As in the above-mentioned keyboard remote controller, the first direction is vertical, and the second direction is horizontal.

As in the keyboard remote control mentioned above, the first operation area and the second operation area are formed by laser engraving.

As in the above-mentioned keyboard remote controller, wherein the first light source and the second light source are light emitting diodes.

Such as the above-mentioned keyboard remote control, wherein the first light incident surface and the second light incident surface respectively have a plurality of first optical microstructures, the first optical microstructures are used to improve the uniformity of incident light, and the first optical microstructures are Jagged.

As in the above-mentioned keyboard remote control, wherein the first reflective surface and the second reflective surface respectively have a plurality of second optical microstructures, the second optical microstructures are used to limit the direction of light reflection to the light-emitting surface, and the second optical microstructures It is triangular.

As in the above-mentioned keyboard remote control, wherein the first shield and the second shield are opaque ink or opaque paint.

As in the keyboard-type remote control described above, the first shield and the second shield are arranged alternately and do not overlap each other on the vertical line.

As in the above-mentioned keyboard remote controller, the object to be remote controlled is an Internet TV.

As in the above-mentioned keyboard remote controller, wherein the controller is electrically connected to the timer, and when the controller sends the first control signal to the first light source or the second control signal to the second light source, the timer is synchronously triggered to calculate the first The time that the light source or secondary light source emits light.

To sum up, the keyboard remote controller of the present invention can use the panel, the first light-emitting board, the second light-emitting board, and the control module to provide two different types of operation areas for the user to use, and can be used by rotating the keyboard remote control Make it face different directions to switch different operation areas. The keyboard remote control can also control the lighting time of the first light source and the second light source through the controller and the timer, so it can reduce the time of the first light source and the second light source. It consumes less power, and the remote control signal can be converted into a more stable and power-saving infrared remote control signal through the infrared transmitter kit.

In order to make the above and other objects, features and advantages of the present invention more comprehensible, preferred embodiments are described below in detail together with accompanying drawings.

Description of drawings

FIG. 1 is a schematic diagram of a keyboard remote controller of the present invention.

Fig. 2 is a schematic diagram of the optical microstructure of the first light-incident surface and the first light-reflecting surface of the first light-emitting plate of the present invention

FIG. 3 is a schematic diagram of the light path of the first light-emitting panel of the keyboard remote control of the present invention.
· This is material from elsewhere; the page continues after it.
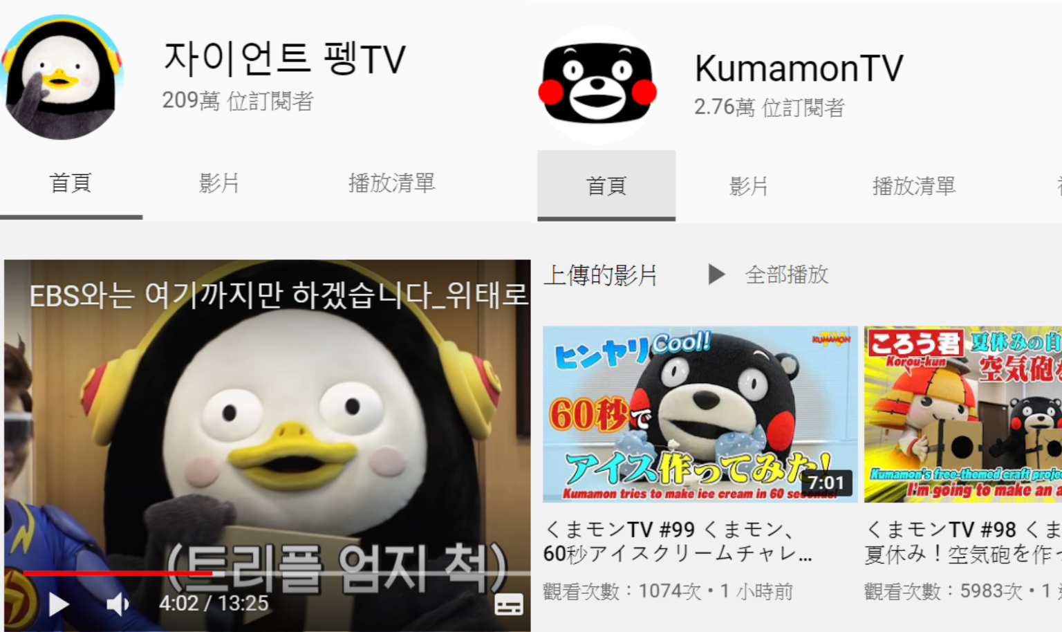 相較之下,2019年《韓國教育電視台》(EBS)創造出的企鵝Pengsoo在南韓顯得一枝獨秀。
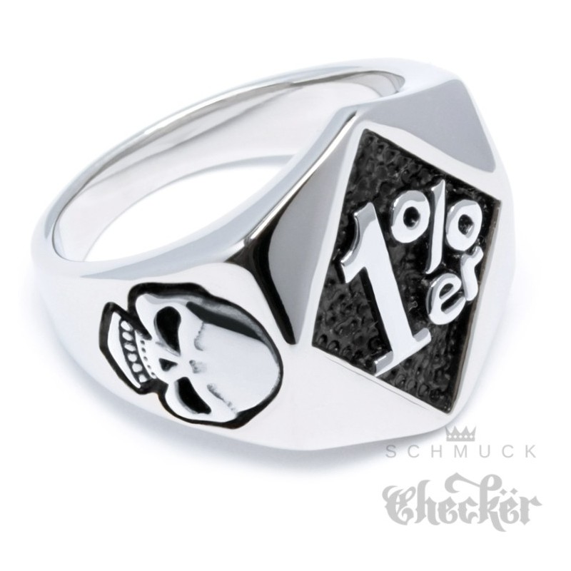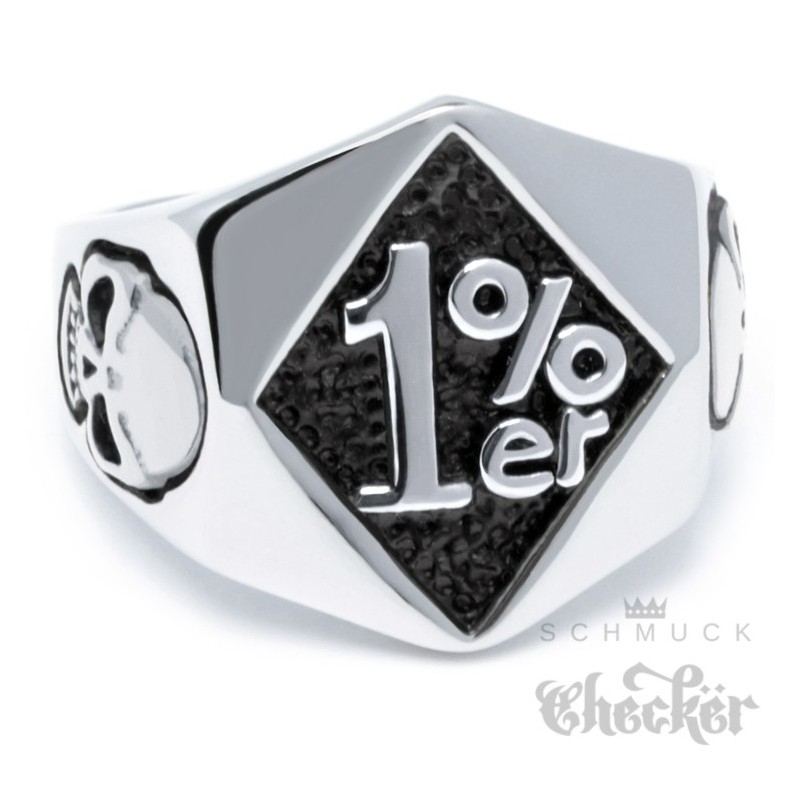 Massiver Edelstahl Ring 1%er Onepercenter Einprozenter Outlaw Gesetzlos Biker 1%

4 is a schematic diagram of the optical microstructure of the second light-incident surface and the second light-reflection surface of the second light-emitting plate of the present invention.

FIG. 5 is a schematic diagram of the light path of the second light-emitting panel of the keyboard remote control of the present invention.

FIG. 6 is a schematic diagram of the configuration of the first light-emitting board and the second light-emitting board of the keyboard remote controller of the present invention.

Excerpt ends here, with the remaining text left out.